### Problem requirements
Pictures do not belong in the copy. Output exactly the lines from the one containing "กางเกงขายาวเอวสูง เอวจีบใส่เชือก(เชือกรูดได้จริง) ความยาว" to the end of the listing below.

### Recorded information

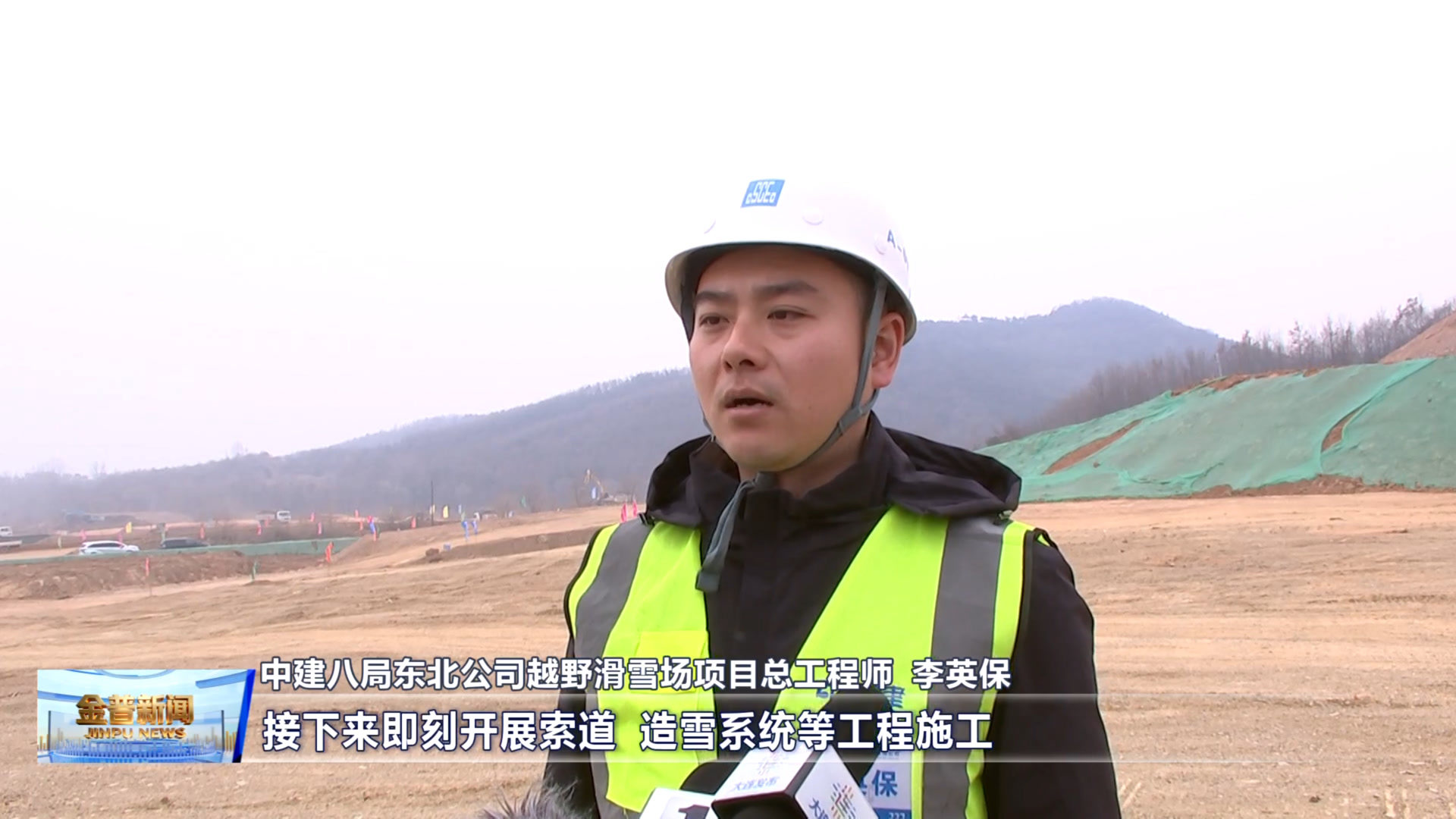 中建八局东北公司越野滑雪场项目总工程师李英保(分为三个大的作业面进行一个平行施工,接下来即刻开展索道、造雪系统等工程施工,确保工期按节点完成。)
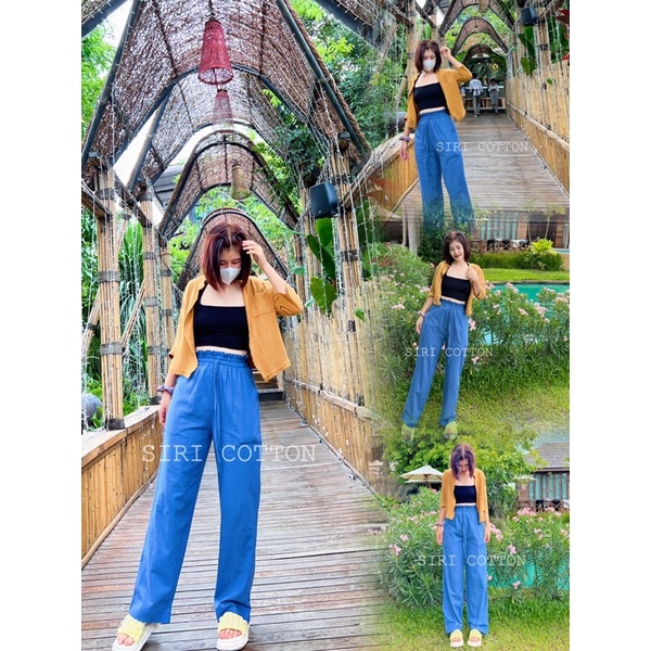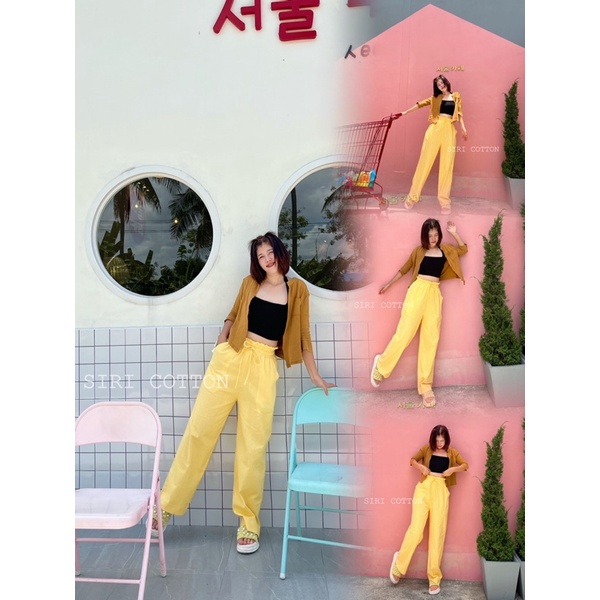 กางเกงขายาวเอวสูง เอวจีบใส่เชือก(เชือกรูดได้จริง) ความยาว 41-42 นิ้ว สูง170 ใส่ได้ไม่เต่อ กางเกงขายาว กางเกง
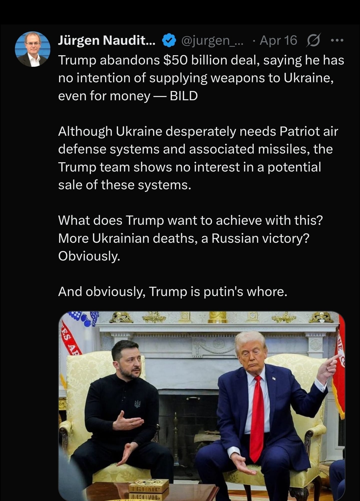Jesteśmy świadkami bardzo smutnego momentu w historii Ameryki. Prezydent Stanów Zjednoczonych staje po stronie dyktatora Rosji, Władimira Putina, aby podważyć niezależność Ukrainy i jej demokrację. Oto moje przemyślenia:
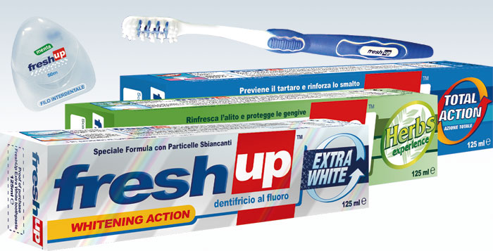 ![]() | FRESH UP ITALIA TOOTHPASTE, TOOTHBRUSH, DENTAL FLOSS, MOUTHWASH, WHITENING STRIPS | |||||

### Problem solution
 กางเกงขายาวเอวสูง เอวจีบใส่เชือก(เชือกรูดได้จริง) ความยาว 41-42 นิ้ว สูง170 ใส่ได้ไม่เต่อ กางเกงขายาว กางเกง
Jesteśmy świadkami bardzo smutnego momentu w historii Ameryki. Prezydent Stanów Zjednoczonych staje po stronie dyktatora Rosji, Władimira Putina, aby podważyć niezależność Ukrainy i jej demokrację. Oto moje przemyślenia:
 ![]() | FRESH UP ITALIA TOOTHPASTE, TOOTHBRUSH, DENTAL FLOSS, MOUTHWASH, WHITENING STRIPS | |||||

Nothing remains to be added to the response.